The Ministry of National Defense said Tuesday that it was seeking a 5 percent increase in its budget for next year, with most of the total 52.9 trillion won ($44.7 billion) linked to personnel training and facilities maintenance.
“We will make sure to invest in beefing up our capabilities to counter any security threat, both conventional and unconventional,” the ministry said. The budget is drawn as South Korea seeks to deter aggression from North Korea amid stalled nuclear talks, while coping to combat the coronavirus pandemic.
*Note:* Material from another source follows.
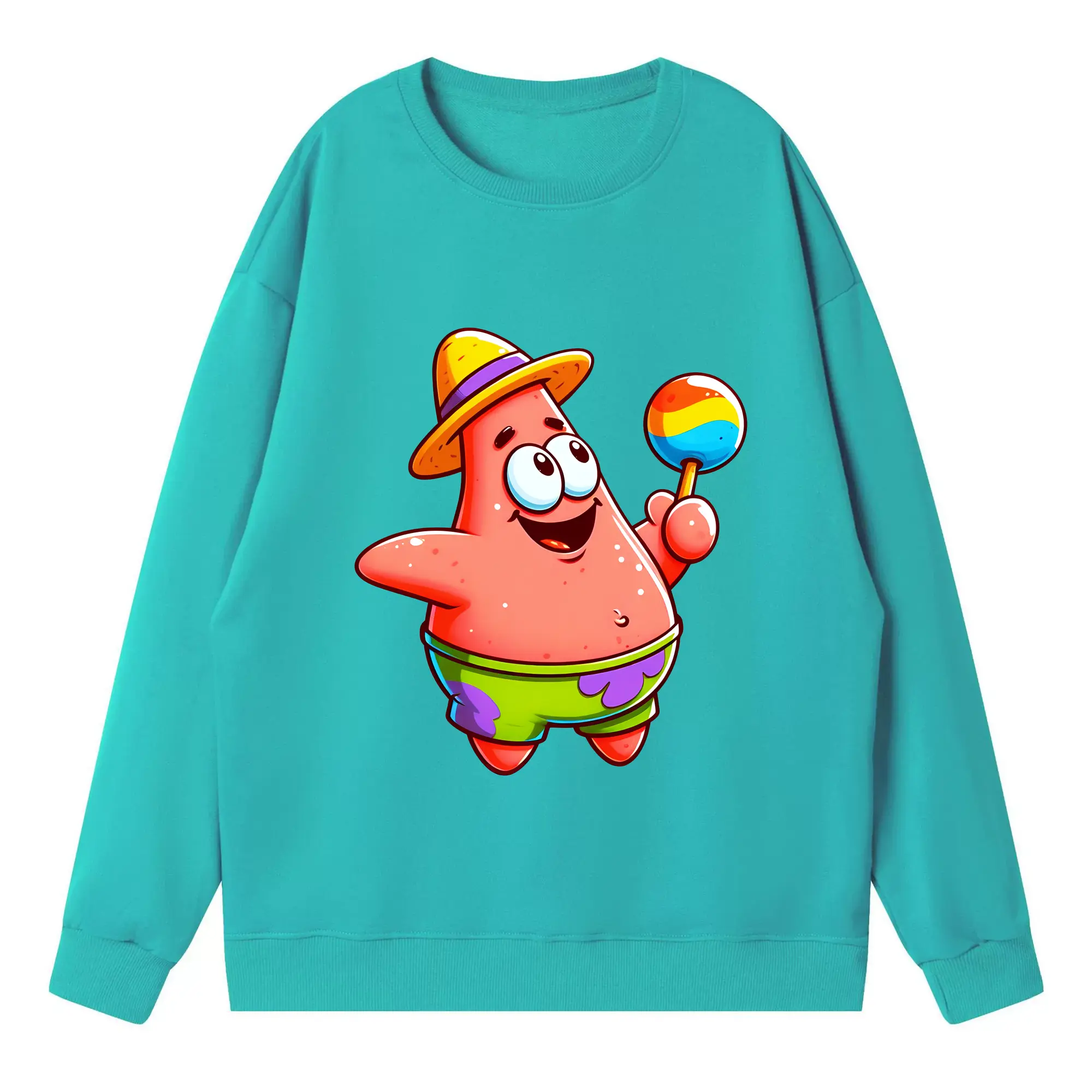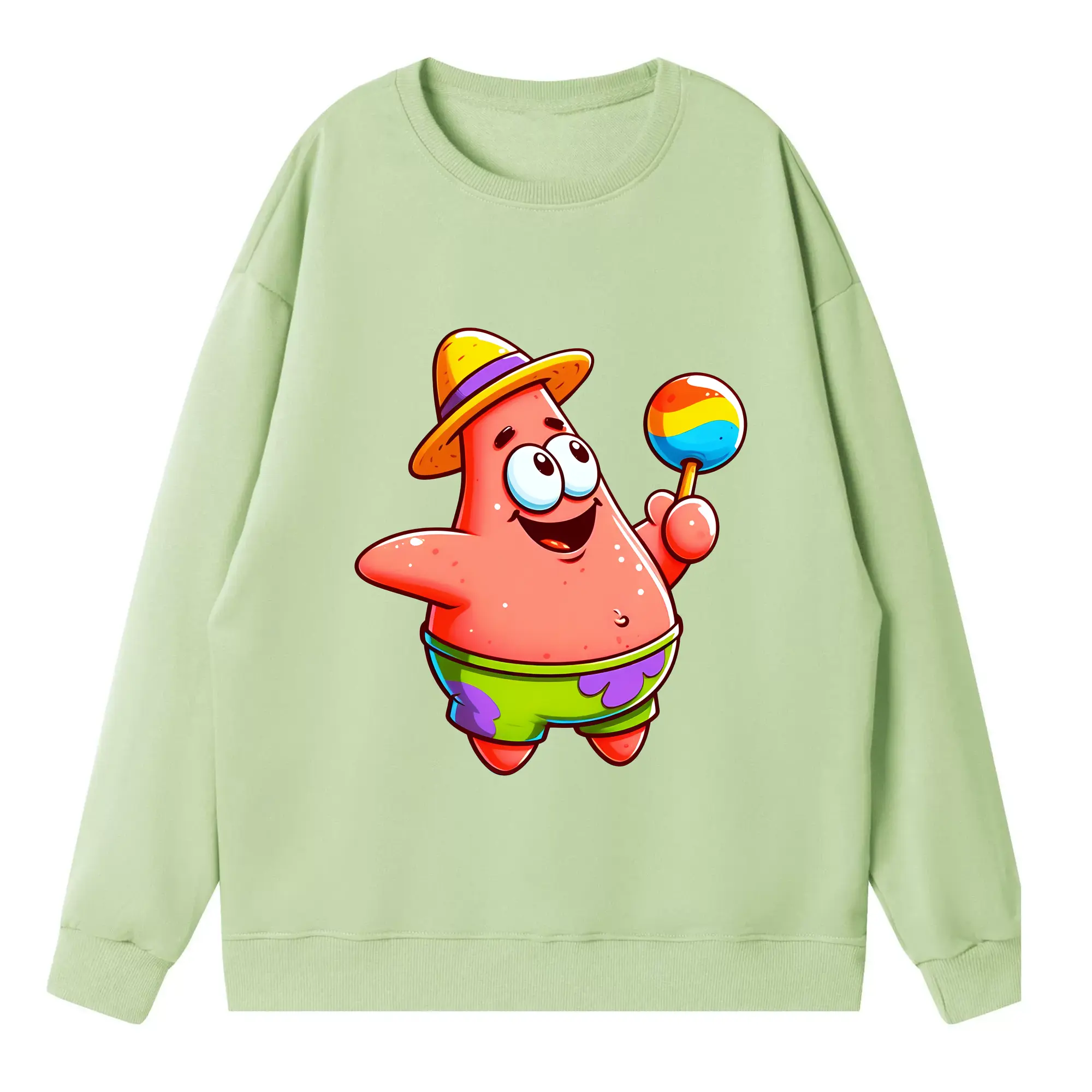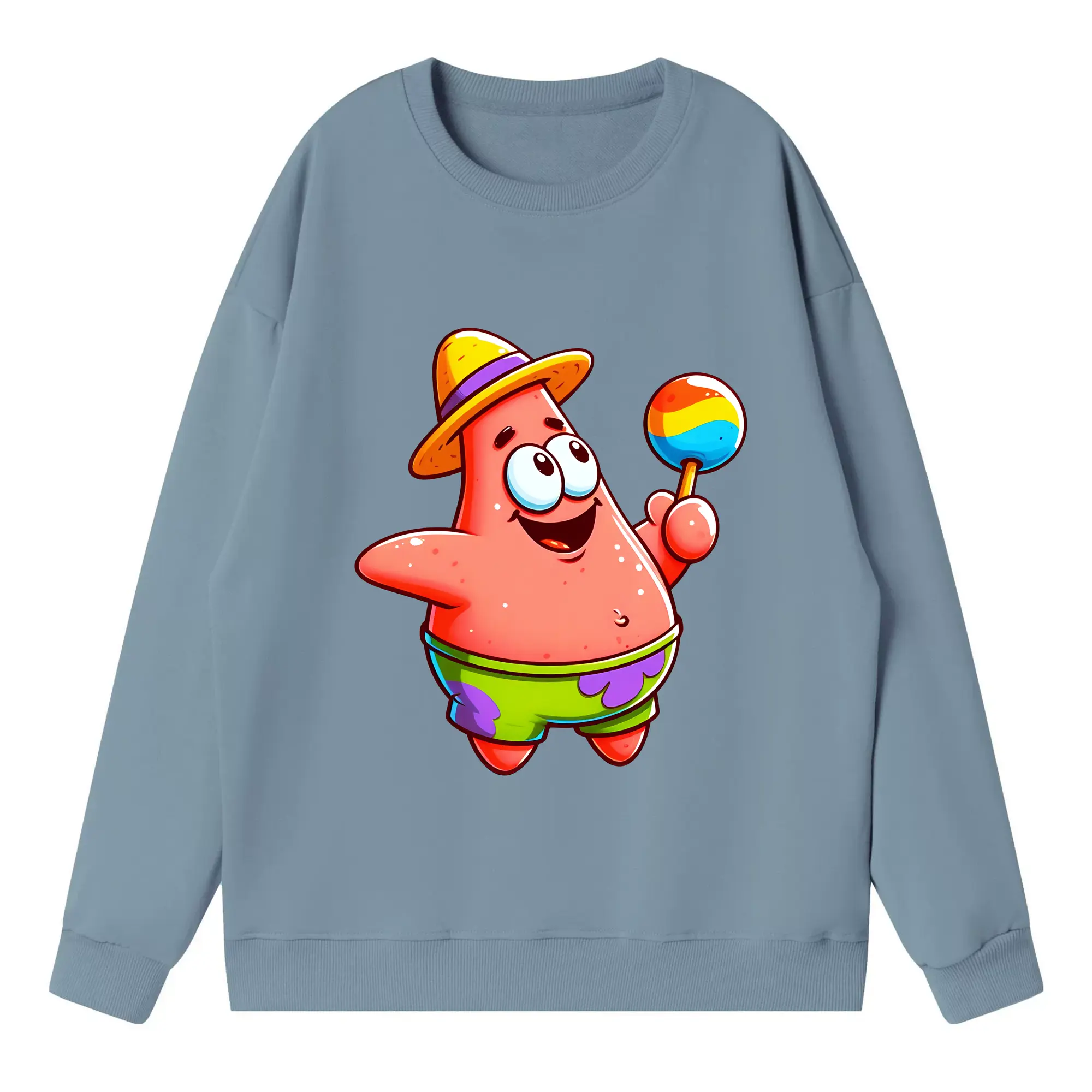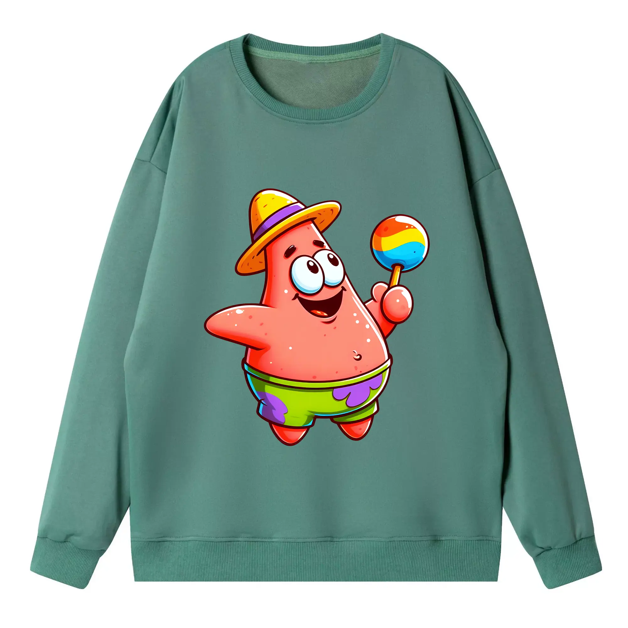 スポンジボブ グッズ パトリック・スター - 高品質 クルーネック スウェット ・ コットン59% ポリエステル41% ・ ユニセックス 長袖 トレーナー ・ カジュアル デイリー スポーツ 散歩用

The ministry said it planned to spend $30.2 billion, or about 63 percent of the total, on training ($17.4 billion) and maintenance ($12.8 billion). That would mark the highest on-year growth in a decade, 7.1 percent.
Personnel training includes familiarizing service members with next-generation warfare tactics based on augmented and virtual reality settings, and carrying out operations in advanced combat uniforms.
Military bases in the meanwhile would adopt the latest technologies for operations, in line with the newer rules of engagement.
Service members will learn to utilize protective gear in case of a health crisis to promptly help with military as well as civilian efforts to curb an outbreak. Some of the members will be grouped into special units in charge of handling a biological and chemical outbreak.
Military hospitals in the meantime will be upgraded to timely respond to a health crisis with enhanced quarantine techniques advised by better-funded military medical institutions.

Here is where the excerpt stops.